Any thoughts on the BG 44K fuel additive every 10K being of any benefit?


----------



## BsickPassat (May 10, 2010)

CCR.J said:


> Any thoughts on the BG 44K fuel additive every 10K being of any benefit?


Overpriced 

There are better products out there


Sent from my iPhone. There may be horrible grammar and misspelling involved


----------



## CCR.J (Aug 24, 2014)

Definitely can't argue with that at $20+ per small can - just wonder if there is ANY benefit to it at all or if it is "snake-oil"...?


----------



## BsickPassat (May 10, 2010)

CCR.J said:


> Definitely can't argue with that at $20+ per small can - just wonder if there is ANY benefit to it at all or if it is "snake-oil"...?

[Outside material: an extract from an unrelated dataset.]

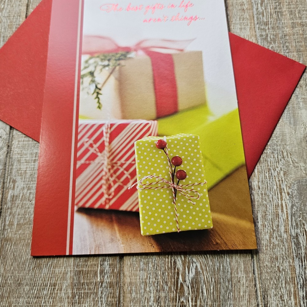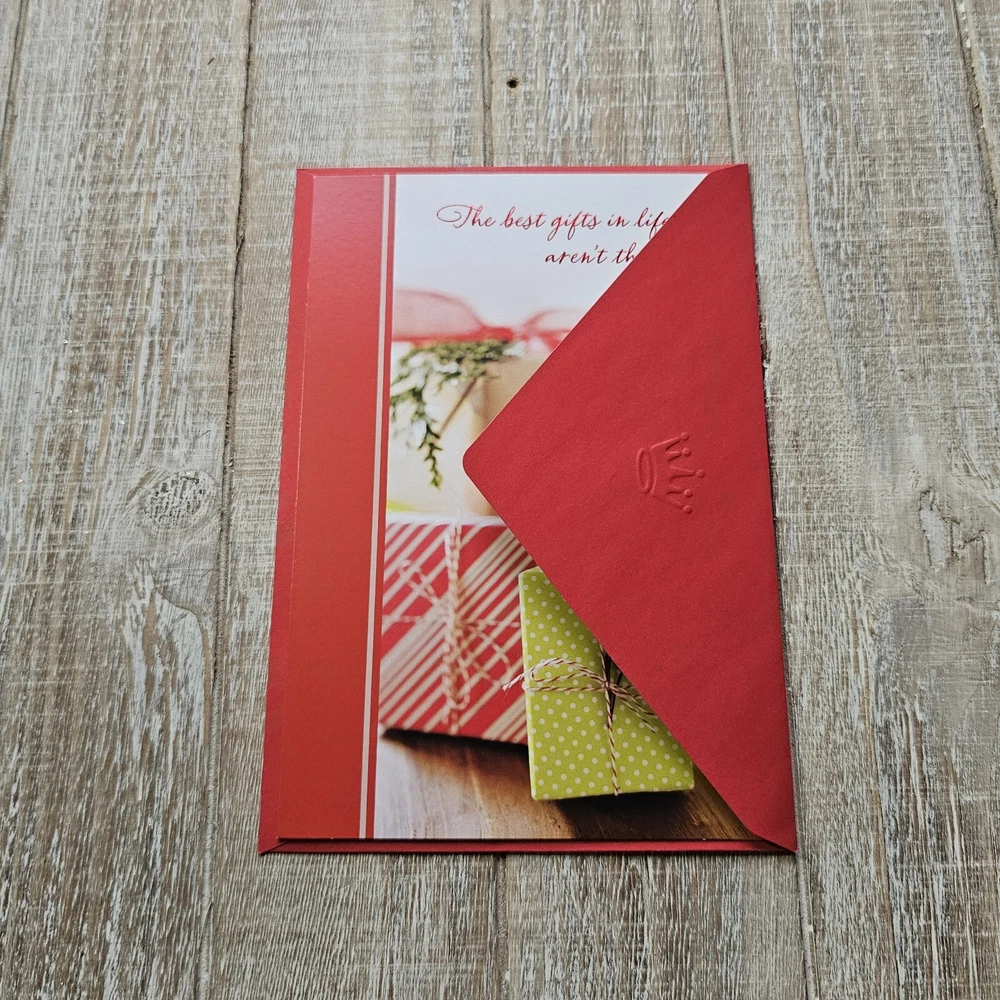 Hallmark Christmas Greeting Card Gifts Present Red Yellow Full Size 5.5 x 8 inch card with matching envelope Condition: new Search thousands of cards for all occasions in our eBay Store. **This items ships with limited tracking via USPS First Class.** **The standard time is 5-7 business days for delivery but it may take up to 10 days.**

See what I wrote earlier including better bang for the buck products



BsickPassat said:


> Clogged fuel injectors is bad, but imo, not worth the $120.
> 
> Use good Top Tier fuel. *And for extra insurance, every 5,000 miles throw in a bottle of Chevron Techron Fuel System Cleaner, Gumout Regane High Mileage, or Redline SI-1. That will keep the injectors clean as well as prevent fuel sensor (in-tank) fouling.*
> the carbon deposits will require removal of the intake manifold to scrub clean, unless you been doing the induction service (where they spray cleaner through the throttle body) every 10,000 miles.


----------



## [email protected] (Sep 18, 2012)

IMO - injectors dont really need to be cleaned that often so most cleaners will be fine. Since they only effect the injectors and not the intake ports of the head. 

Phil


----------



## van33 (Dec 21, 2012)

Hey Phil, do you guys do valve cleaning as well? If so, how much do you charge? I'm talking about the manual scrub or the walnut blast. PM me if you need be,  Thanks!



[email protected] said:


> IMO - injectors dont really need to be cleaned that often so most cleaners will be fine. Since they only effect the injectors and not the intake ports of the head.
> 
> Phil


----------



## [email protected] (Sep 18, 2012)

van33 said:


> Hey Phil, do you guys do valve cleaning as well? If so, how much do you charge? I'm talking about the manual scrub or the walnut blast. PM me if you need be,  Thanks!


PM'd


----------



## burnout8488 (Jul 22, 2008)

BsickPassat said:


> The manual doesn't say anything about scheduled carbon cleanings either


There isn't a clear cut interval at when it is required. Some need it in 30K, others don't see symptoms until 100K. That, and the fact that VW would probably like to hide the necessity for carbon cleanings as much as possible.


----------



## BsickPassat (May 10, 2010)

burnout8488 said:


> There isn't a clear cut interval at when it is required. Some need it in 30K, others don't see symptoms until 100K. That, and the fact that VW would probably like to hide the necessity for carbon cleanings as much as possible.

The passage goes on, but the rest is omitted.